Vaccine holdouts at key military bases pose staffing dilemma
Susan Crabtree
In late October, Phil Teuscher’s supervisor showed up at his office at the Navy’s top weapons testing base to let him know his name was on a list of thousands of base personnel who had failed to acknowledge receipt of the COVID-19 vaccine requirement.
In August, all branches of the U.S. military gave its service members and civilian employees an ultimatum: Get the vaccine or face being fired. At the Naval Air Weapons Station China Lake in California, the remote base where Teuscher has worked for 20 years, the first part of the mandate required all personnel to officially acknowledge receipt of the directive. The next step was a signed statement saying whether they have received a shot.
But Teuscher, 58, and many others who work for the Navy on and around the base have refused to comply with either directive. Using an online messaging app, Teuscher started connecting with other like-minded China Lake workers pushing back against the requirement. The group quickly grew to more than 300 participants, all deeply concerned about receiving the vaccine or outright refusing it. Each day at lunchtime, dozens of workers gather outside the base to protest the mandate.
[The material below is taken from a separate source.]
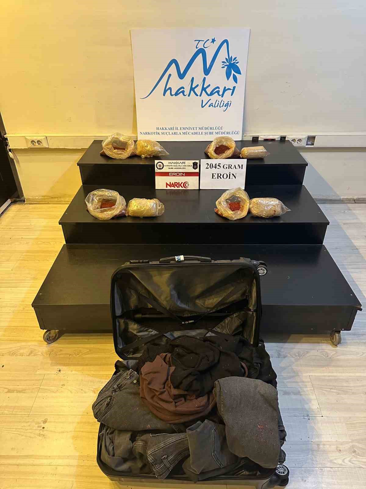 Hakkari Valiliğinden yapılan açıklamada, “Hakkari İl Emniyet Müdürlüğü görevlilerimizce Yüksekova ilçemizde yapılan rutin kontrollerde narkotik madde arama köpeği Fox ile bir yolcu otobüsünde arama yapıldı. Yapılan aramada 2 şahsın valizinde şeffaf pul biber poşetlerinin içine gizlenmiş vaziyette 4 ayrı paket halinde daralı ağırlığı 2 kilo 45 gram olan eroin maddesi ele geçirildi. Olayla ilgili gözaltına alınan 2 şahıs, emniyetteki sorgularının ardından çıkarıldıkları adli makamlarca tutuklandı” denildi.

Some employees connected to the base, all of whom require security clearances to work there, are pointing to underlying health problems they believe the vaccine could exacerbate while others cite religious exemptions. Teuscher, a production manager for a highly sophisticated missile program at the base’s Naval Air Warfare Center Weapons Division, or NAWCWD, is not making either claim. Instead, he’s choosing to fight the legality of the mandate on principle.
“My situation is a little bit different. I could retire but I’m choosing not to,” he tells RealClearPolitics. “I’ve got my 20 years in. … I’m choosing to fight it.”
Other vaccine holdouts aren’t so fortunate and would be forced to find non-military work if they continue to buck the requirement.
But the Navy faces its own dilemma as the deadlines loom. With roughly 10% of the base’s highly educated and trained personnel refusing the shot, it will be difficult, if not impossible, to maintain all the classified weapons and their testing operations in top working order if all resisters are fired.
The high number of workers – civilian and military – refusing to get the vaccine at China Lake and other key research and development bases could force the Navy to make some difficult decisions in the coming months. All of these civilian workers must hold a security clearance just to enter the base, and many hold advanced engineering degrees and extensive technical training that takes years to acquire.
Recruiting and replacing such workers won’t be instant or easy – especially at China Lake. Located in California’s remote Mojave Desert, it’s some 150 miles northeast of Los Angeles. In recent years, the base has experienced serious attrition problems as engineers and other highly skilled workers flee for more lucrative jobs in Silicon Valley and elsewhere, according to several sources familiar with the employment challenges.